Transfer learning and large language models are deep neural networks based on the transformer framework. This framework was introduced by Vaswani et al. [29], replacing the structure of RNNs with an attention unit, specifically “self-attention.” The transformer framework employs an encoder–decoder configuration. The encoder processes the raw text into representations with multiple layers of self-attention and neural networks. The decoder then takes these representations and creates an output sequence. Each layer in the decoder includes self-attention, attention to the encoder’s output, and another neural network layer. Building upon the transformer model, BERT and GPT models were developed. The BERT model, introduced by [12], exemplifies transfer learning and relies solely on the encoder to examine the words of the input text bidirectionally using a bidirectional attention mechanism to gather rich contextual information instead of manually creating them. The training of BERT includes pre-training on extensive corpora followed by fine-tuning on a specific dataset to address particular NLP tasks such as question answering or sentiment analysis. It should be noted that fine-tuning BERT for specific tasks requires appropriate preprocessing, which is offered by the model and is automatic rather than manual. Variants and optimizations of BERT include DistilBERT [30] and RoBERTa [31]. Furthermore, there is a version of BERT model for the Greek language, named GreekBERT, that was pre-trained on a large Greek corpus [32].

The GPT model, on the other hand, is an example of a large language model proposed by OpenAI. It uses only the decoder to generate sequential human-like text from left to right by next-word prediction based only on the words that come before it. GPT is accommodated by prompt techniques, where the user gives instructions in natural language for performing specific NLP tasks. Recent versions of the GPT model, such as GPT 3.5 and GPT 4, operate in two modes: zero-shot and few-shot. In the zero-shot setting, the model performs tasks based on user prompts without any specific training examples, whereas in the few-shot setting, the model receives prompts along with minimal training examples to perform the required task [11].

2.3. Related Research for Greek Sentiment Classification

Greek is a low-resource language because of limited linguistic resources and tools, highlighting the need for automated computational solutions for sentiment analysis. In recent years, sentiment classification research for texts written in Greek has increased. Early studies conducted sentiment analysis for Greek texts using lexicon-based approaches [15,33,34,35]. These include the analysis of Greek tweets for different hashtags to identify six emotion categories using a lexicon [33], as well as the sentiment analysis of Greek tweets regarding the COVID-19 pandemic [34,35].

Subsequent studies have employed ML models. Specifically, Markopoulos et al. [17] applied the SVM model to 1800 hotel reviews collected from the TripAdvisor platform using two feature extraction schemes: TF-IDF and term occurrence.

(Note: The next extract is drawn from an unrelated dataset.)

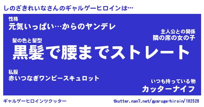 | 男性向けラノベタイトル風あだ名 | 『しのざきれいなの憂鬱』 |

They showed that the TF-IDF scheme achieved a satisfactory accuracy of 95.78%. Bilianos [16] implemented two ML models, Naïve Bayes and SVM, as well as a transfer learning model, a Greek version of BERT, on a set of 480 Greek reviews from the e-commerce website Skroutz. His study reported that BERT achieved an outstanding performance accuracy of 97%, while the SVM with TF-IDF model had the second-best performance, reaching accuracy of 92%. Dontaki et al. [18] applied ML models, including LR, DT, RF, SVM, and XGBoost Classifier (XGB), for three-class sentiment classification of 61,109 Greek tweets regarding COVID-19 vaccinations. Their study found that the highest accuracy was achieved when tweets were processed using TextBlob and DT, reaching an accuracy of 99.97%. Charalampakis et al. [19] implemented a text classification for irony detection in Greek political tweets using classical ML algorithms. Specifically, they trained models such as NB, functional trees, and RF on a small labeled dataset of 126 Greek tweets. The best-performing model was functional trees, with an accuracy rate of 82.4%. They then used this model to predict irony in a large dataset of 44,500 unlabeled Greek tweets, aiming to identify relationships between the irony directed at political parties and their results in the May 2012 Greek election. Giatsoglou et al. [36] presented a hybrid method that combines the SVM algorithm with Word2Vec word embeddings and dictionaries for sentiment prediction. They demonstrated the efficiency of their approach on a Greek dataset, MOBILE-PAR, achieving an accuracy of 83.60%. Athanasiou et al. [20] performed experiments on binary sentiment classification on different versions of the original dataset of articles collected from an online Greek newspaper. They showed that the gradient boosting machine (GBM) model significantly outperforms classical ML methods in handling high-dimensional and imbalanced data.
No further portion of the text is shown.